● **WHAT YOU ARE ASKED TO DO**: After locating the line with "Planificador pensado y" in the entries below, output it and each following line up to and including the line with "สมเด็จอินโดจีน พิมพ์ปรกโพธิ์ยันต์ข้างหลังเรียบ ปี2484", exactly and without pictures.

● **DATASET CONTENT**:
=-=-=-=-=

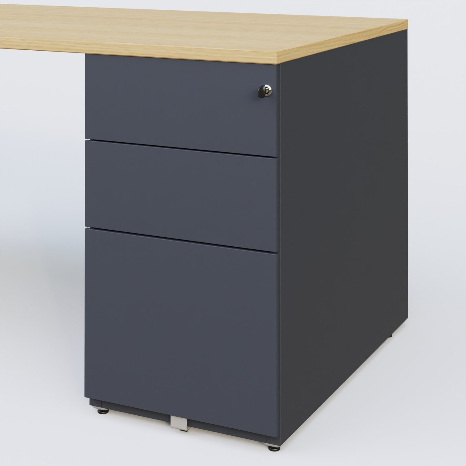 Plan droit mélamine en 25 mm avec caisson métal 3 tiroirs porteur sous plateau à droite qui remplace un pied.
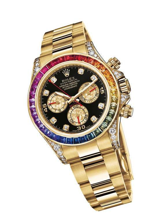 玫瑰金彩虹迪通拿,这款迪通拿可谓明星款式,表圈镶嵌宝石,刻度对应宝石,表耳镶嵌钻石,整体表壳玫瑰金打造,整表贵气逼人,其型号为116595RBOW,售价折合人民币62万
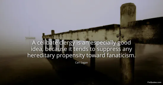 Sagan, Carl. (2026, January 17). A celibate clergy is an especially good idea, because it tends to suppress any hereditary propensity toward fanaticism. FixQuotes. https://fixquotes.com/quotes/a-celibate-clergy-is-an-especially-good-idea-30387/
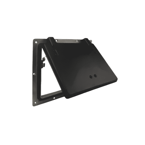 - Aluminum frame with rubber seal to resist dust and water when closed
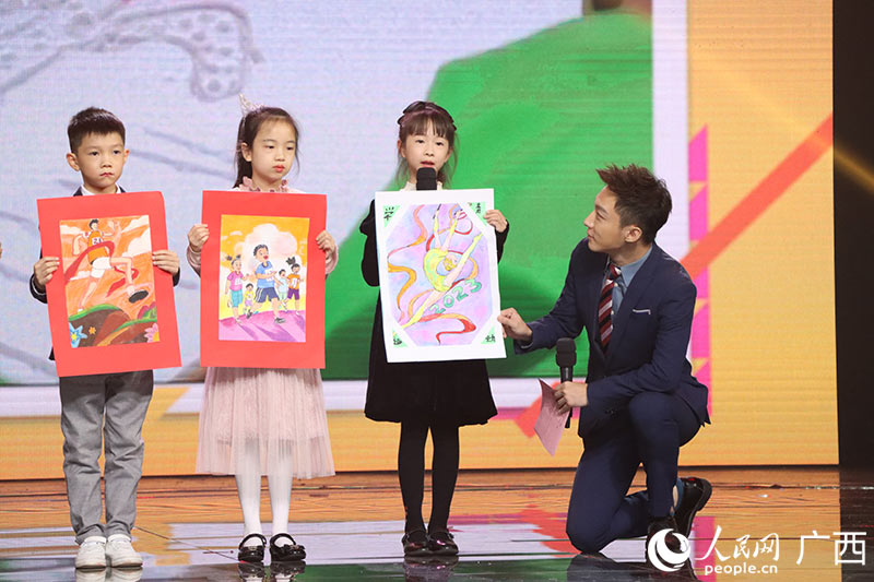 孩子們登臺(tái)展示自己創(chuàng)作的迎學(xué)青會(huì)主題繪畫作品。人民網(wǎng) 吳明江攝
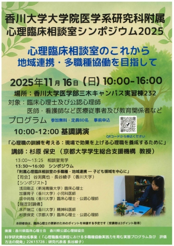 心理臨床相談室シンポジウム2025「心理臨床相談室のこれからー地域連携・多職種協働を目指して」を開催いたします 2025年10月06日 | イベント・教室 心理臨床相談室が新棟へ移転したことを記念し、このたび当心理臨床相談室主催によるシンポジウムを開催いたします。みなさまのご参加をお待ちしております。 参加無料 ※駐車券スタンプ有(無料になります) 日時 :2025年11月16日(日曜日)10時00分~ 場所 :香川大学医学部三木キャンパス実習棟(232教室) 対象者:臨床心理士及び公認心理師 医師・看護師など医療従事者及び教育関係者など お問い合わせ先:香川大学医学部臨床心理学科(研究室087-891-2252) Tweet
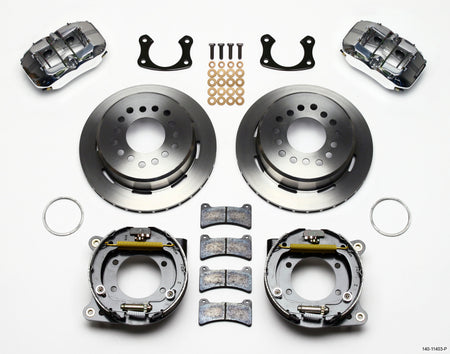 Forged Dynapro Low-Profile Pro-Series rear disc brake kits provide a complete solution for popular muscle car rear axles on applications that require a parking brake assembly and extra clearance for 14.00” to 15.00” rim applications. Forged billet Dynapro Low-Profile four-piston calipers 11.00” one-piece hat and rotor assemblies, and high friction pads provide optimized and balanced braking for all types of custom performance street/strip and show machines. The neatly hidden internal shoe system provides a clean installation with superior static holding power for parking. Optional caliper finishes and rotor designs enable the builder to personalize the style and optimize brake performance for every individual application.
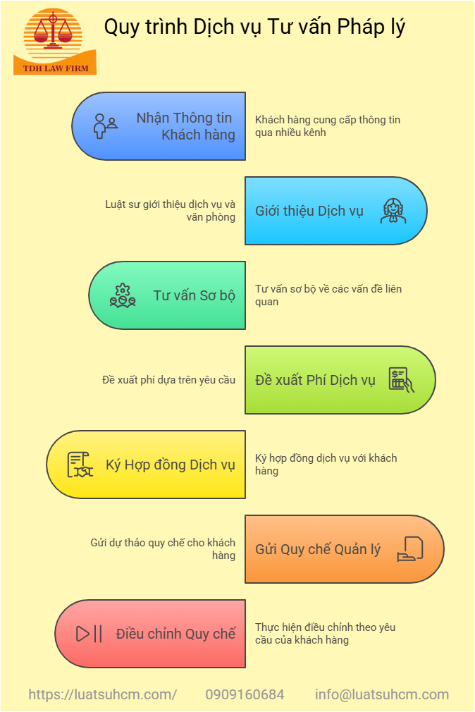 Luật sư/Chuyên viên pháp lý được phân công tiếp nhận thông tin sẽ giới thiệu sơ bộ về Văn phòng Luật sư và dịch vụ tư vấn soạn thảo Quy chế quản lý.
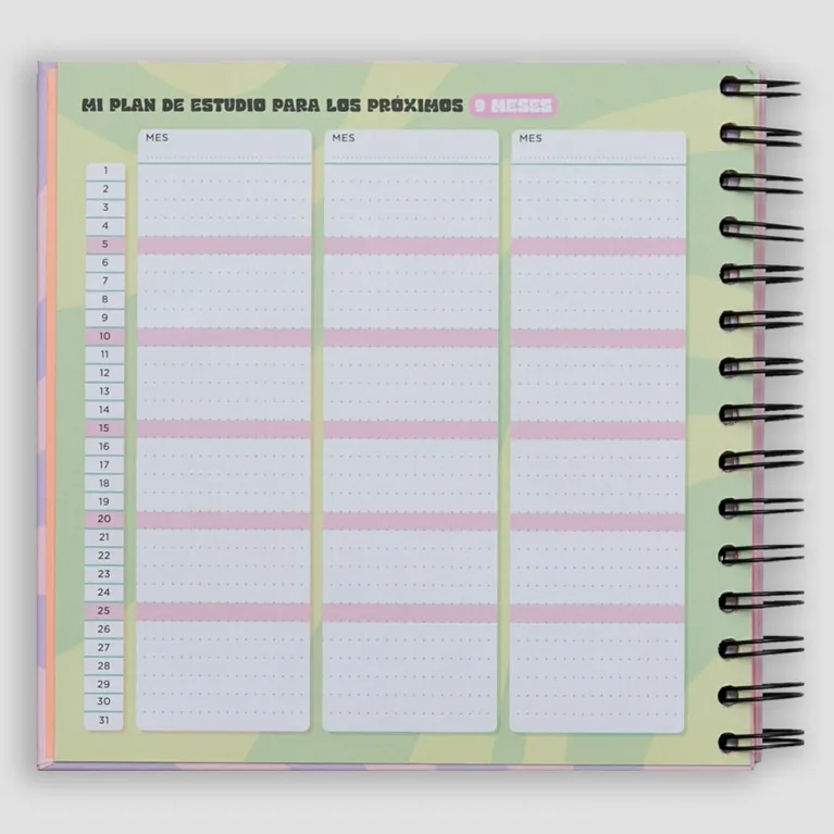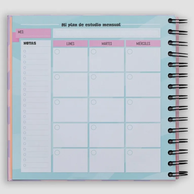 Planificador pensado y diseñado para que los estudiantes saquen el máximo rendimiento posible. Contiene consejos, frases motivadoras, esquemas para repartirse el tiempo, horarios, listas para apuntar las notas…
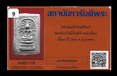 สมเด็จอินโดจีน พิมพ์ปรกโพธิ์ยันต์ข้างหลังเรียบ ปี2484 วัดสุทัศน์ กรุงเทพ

=-=-=-=-=

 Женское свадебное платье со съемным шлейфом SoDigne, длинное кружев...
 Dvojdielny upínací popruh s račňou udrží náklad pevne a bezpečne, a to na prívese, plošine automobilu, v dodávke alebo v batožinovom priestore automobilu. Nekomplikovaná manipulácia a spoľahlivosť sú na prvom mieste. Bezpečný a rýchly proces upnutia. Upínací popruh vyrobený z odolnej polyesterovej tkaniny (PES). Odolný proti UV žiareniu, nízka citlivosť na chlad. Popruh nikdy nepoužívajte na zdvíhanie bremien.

=-=-=-=-=

● **RESULT FOR THIS TASK**:
 Planificador pensado y diseñado para que los estudiantes saquen el máximo rendimiento posible. Contiene consejos, frases motivadoras, esquemas para repartirse el tiempo, horarios, listas para apuntar las notas…
 สมเด็จอินโดจีน พิมพ์ปรกโพธิ์ยันต์ข้างหลังเรียบ ปี2484 วัดสุทัศน์ กรุงเทพ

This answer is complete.